Chemistry Dept., National University of Ireland Maynooth, Maynooth, Co. Kildare, Ireland.
J Pharm Biomed Anal. 2014 Aug 5;96:111-7. doi: 10.1016/j.jpba.2014.03.005. Epub 2014 Mar 25.
A novel stability-indicating reversed phase high performance liquid chromatographic (RP-HPLC) method for the simultaneous assay of betamethasone-17-valerate, fusidic acid and potassium sorbate as well as methyl- and propylparaben in a topical cream preparation has been developed. A 100mm×3.0mm ID. Ascentis Express C18 column maintained at 30°C and UV detection at 240nm were used. A gradient programme was employed at a flow-rate of 0.75ml/min. Mobile phase A comprised of an 83:17 (v/v) mixture of acetonitrile and methanol and mobile phase B of a 10g/l solution of 85% phosphoric acid in purified water. The method has been validated according to current International Conference on Harmonisation (ICH) guidelines and applied during formulation development and stability studies. The procedure has been shown to be stability-indicating for the topical cream.

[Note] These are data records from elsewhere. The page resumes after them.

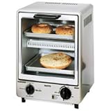 Product OverviewsFrom Sanyo, this is the Super Toasty oven, a two-tiered oven that takes up minimal space yet offers enough room for toasting bagels, hamburger buns or open-faced sandwiches. The Super Toasty toaster lets you brown bagels perfectly every time: placed cut-side down, the bagels' thicker tops warm from the top while the cut sides crisp and brown more deeply. Use the top rack for melting cheese on open-faced sandwiches or broiling the tops of mini pizzas. Use the bottom rack for reheating or keeping food warm. For timing your foods, the Super Toasty oven comes with a 15-minute bell and an auto shutoff. For easy access, the racks with metal trays slide out when the door is opened. The Sanyo toaster oven comes with a removable crumb tray and a cord storage holder.
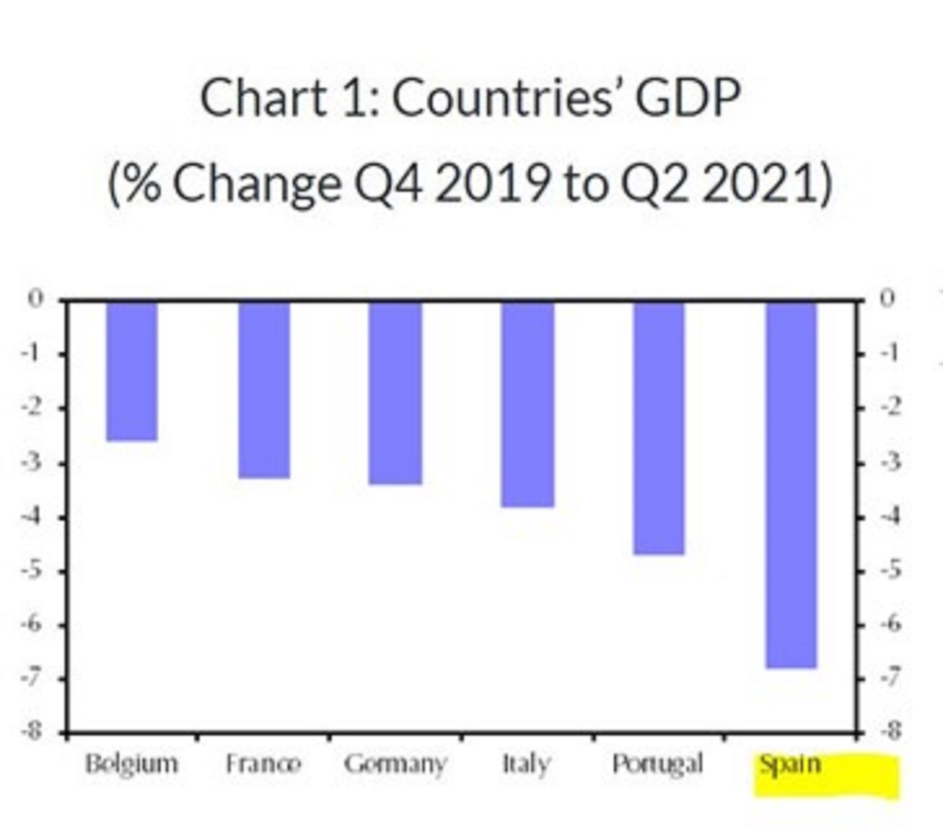 España vive asistida por la compra de deuda del BCE (recordemos que ha comprado más del 100% de nuestra deuda neta) y por la relajación de las normas de estabilidad presupuestaria por parte de la Comisión Europea. Nada de eso va a continuar siendo así cuando la UE recupere los niveles de PIB precovid (previsiblemente a principios del año que viene) y España quede rezagada y sin margen de maniobra.
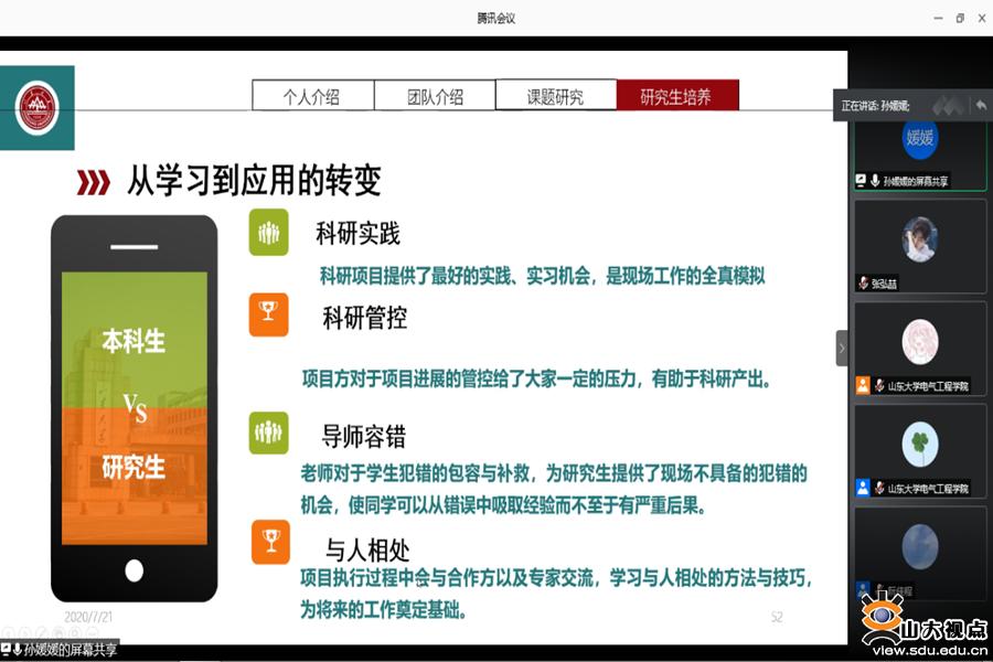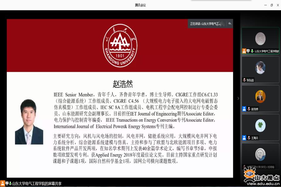 21日上午,电力电子与电力传动研究所孙媛媛老师介绍了科研团队的课题研究与研究生培养相关内容。山东省电科院刘洪正院长介绍了平价上网背景下的风电发展开发与展望。智能电网研究所郝全睿老师简要的介绍了MMC换流站的小信号建模和分析的基本原理。
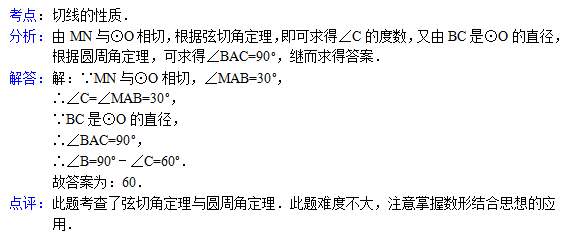 中考数学天天练试题及解析:切线的性质(3月10日)(2)
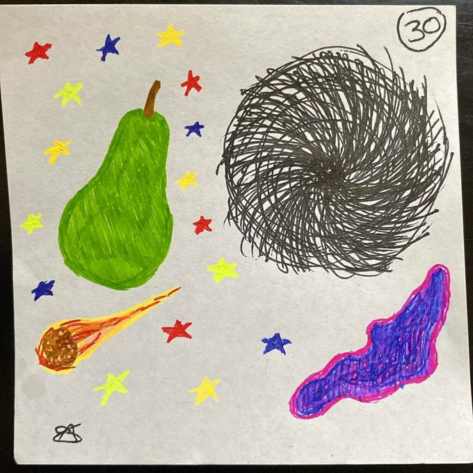 My 30th #inktober #doodle prompt was a piece of fruit in outer space. The #blackhole just looks like scribbles but I’m pretty happy with the #comet and #nebula. Created with @pilotpenusa G2 07s #pilotartober2021 instagr.am/p/CVusgAsFy2q/
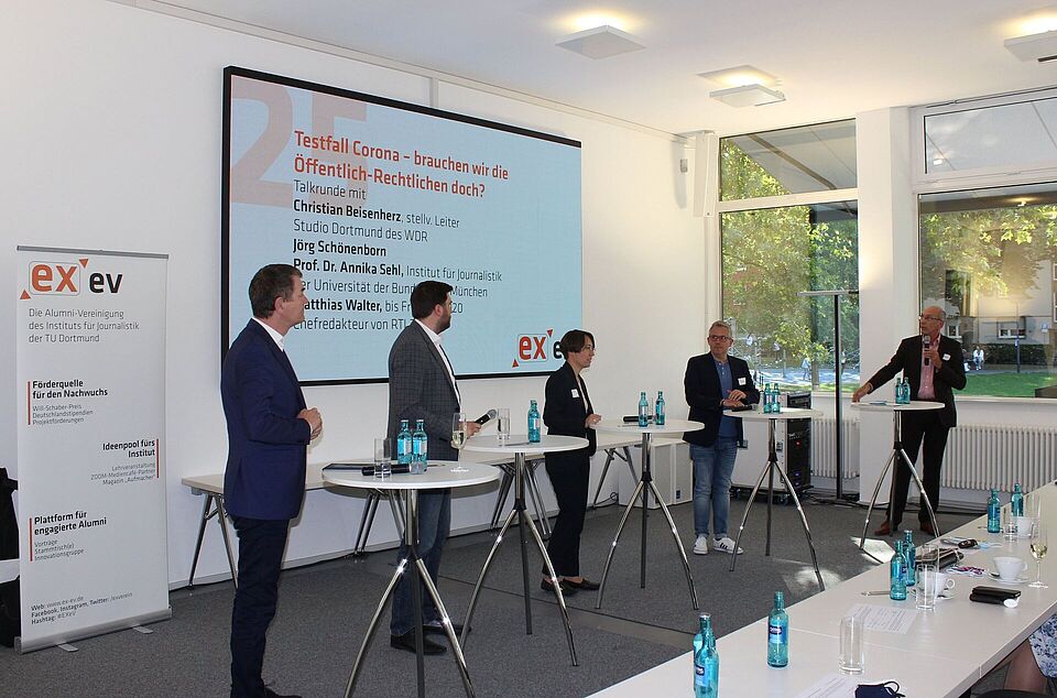Prof. Holger Wormer, geschäftsführender IJ-Direktor, sprach ein Grußwort auf der Jubiläumsveranstaltung, die Ende September im Dortmunder Baukunstarchiv NRW stattfand, und WDR-Programmdirektor Jörg Schönenborn, auch selbst EX-Mitglied, eine Keynote. In der anschließenden Talkrunde mit dem Titel „Testfall Corona – brauchen wir die Öffentlich-Rechtlichen doch?“ diskutierten neben ihm die Alumni Annika Sehl, Professorin für digitalen Journalismus am Institut für Journalistik der Universität der Bundeswehr München, Matthias Walter, bis Frühjahr 2020 Chefredakteur von „RTLzwei“, und Christian Beisenherz, stellvertretender Leiter des WDR-Studios Dortmund. Kay Bandermann, freier Wirtschaftsjournalist und Vorsitzender des Pressevereins Ruhr, führte als Moderator durch die Veranstaltung.

已开发出一种新型的稳定性指示反相高效液相色谱(RP-HPLC)方法,用于同时测定局部乳膏制剂中的倍他米松-17-戊酸酯、夫西地酸、山梨酸钾以及对羟基苯甲酸甲酯和丙酯。使用内径为3.0mm、长度为100mm的Ascentis Express C18柱,柱温保持在30°C,紫外检测波长为240nm。采用梯度洗脱程序,流速为0.75ml/min。流动相A由乙腈和甲醇按83:17(v/v)混合而成,流动相B为85%磷酸在纯水中的10g/l溶液。该方法已根据当前国际协调会议(ICH)指南进行了验证,并应用于制剂开发和稳定性研究。该方法已被证明对局部乳膏具有稳定性指示作用。